HHV vs LHV - GCV vs NCV
Explaining the conventions for quantifying the heat of combustion.
A British engineer argues with a European engineer about what to assume for a gas boiler efficiency.
The European engineer demands they assume 89% – the British engineer disagrees and wants to assume 80%.
Who is correct?
Higher Heating Value vs. Lower Heating Value
In the same way that two different currencies can value the same thing with a different amount of the currency, two conventions exist for quantifying the amount of heat produced in fuel combustion [kWh/kg]
. These two conventions are
-
higher heating value (HHV) aka gross calorific value (GCV)
-
lower heating value (LHV) aka net calorific value (NCV)
Note that I use HHV/GCV and LHV/NCV interchangeably as they are in industry.

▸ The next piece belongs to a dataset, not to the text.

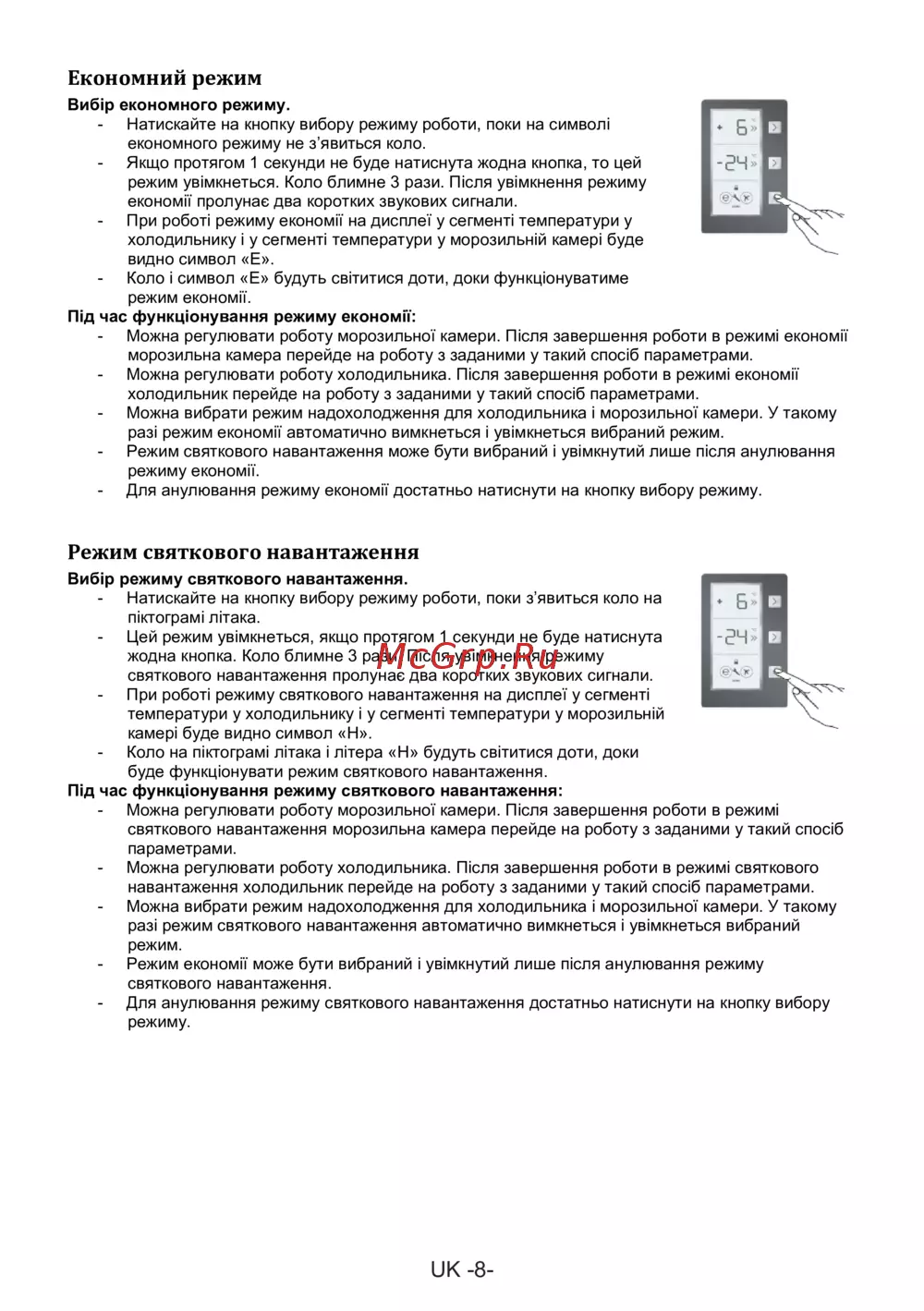 - Після вмикання вилки шнура живлення у розетку на дисплеї на 2 секунди з являться всі символи потім початкові значення настройки морозильної камери 18 с і холодильника 4 с p.9

Figure 1 – A fire-tube shell boiler
These conventions arise from a practical engineering reality. It’s about the water vapour produced during combustion. In one of natures most beautiful symmetries combustion produces water vapour. Condensing this water vapour releases a lot of energy.
The high heating value includes this energy. The lower calorific value doesn’t include the energy released in condensing water. This is why a gross calorific value is higher than a net calorific value.
-
HHV = water vapour is condensed = more heat is recovered
-
LHV = water vapour remains as vapour – less heat is recovered
The reason for the distinction is that water vapour in combustion products is not often condensed in practice.
-
Steam or hot water boilers – condensing water requires reducing the flue gas temperature low enough where acids present in the flue gas will also condense out and cause stack corrosion and potential failure.
-
Power generation – water usually remains as a vapour as the temperature within the power turbine or pistons of the engine is too high.
The two engineers
We return now to the argument between our European and British engineers. Which efficiency (89% or 80%) is the correct assumption?
Table 1 – Typical HHV and LHV efficiencies | % HHV | % LHV |
---|---|---|
Gas boiler | 80 | 89 |
Gas engine (2 MWe) | 38 | 42 |
Gas turbine (5 MWe) | 28 | 31 |
The answer is that it depends on how the efficiency will be used. A common calculation is to calculate the gas consumption associated with supply heat from a gas boiler. If we then want calculate the cost of this gas, we multiply by a gas price.
annual gas consumption = annual heat consumption / gas boiler
annual gas cost = annual gas consumption * gas price
The gas price will be of the form cost / energy [£/MWh]
. The MWh can be given on either a HHV or LHV basis. The correct way to specify a gas price is therefore either £/MWh HHV
or £/MWh LHV
. This leaves no room for misunderstanding.
To calculate the cost using a UK gas price we would want to have assumed an efficiency of 80 % HHV. This is because UK gas prices are given on an HHV basis. Either convention can be used as long as all of our fuel consumptions, efficiencies and energy prices are given on the same basis. Consistency is crucial.
Most data sheets will specify gas consumption or efficiency on an LHV basis. If you are working in a country that prices fuel on an HHV basis (such as the UK) you will need convert this gas consumption to an HHV basis before you can calculate the cost.
Summary
Using a fuel consumption on an LHV basis with a HHV gas price can lead to a significant underestimation of fuel costs.
Using an efficiency or gas consumption straight off a data sheet can easily wipe out the typical margins expected on energy sale contracts. It can also tip a project IRR below the hurdle rate.
Best practice is to always be specific HHV or LHV when working with fuel consumptions, efficiencies and prices. Be the engineer who always writes ‘MWh HHV’ and £/MWh HHV!
Thanks for reading!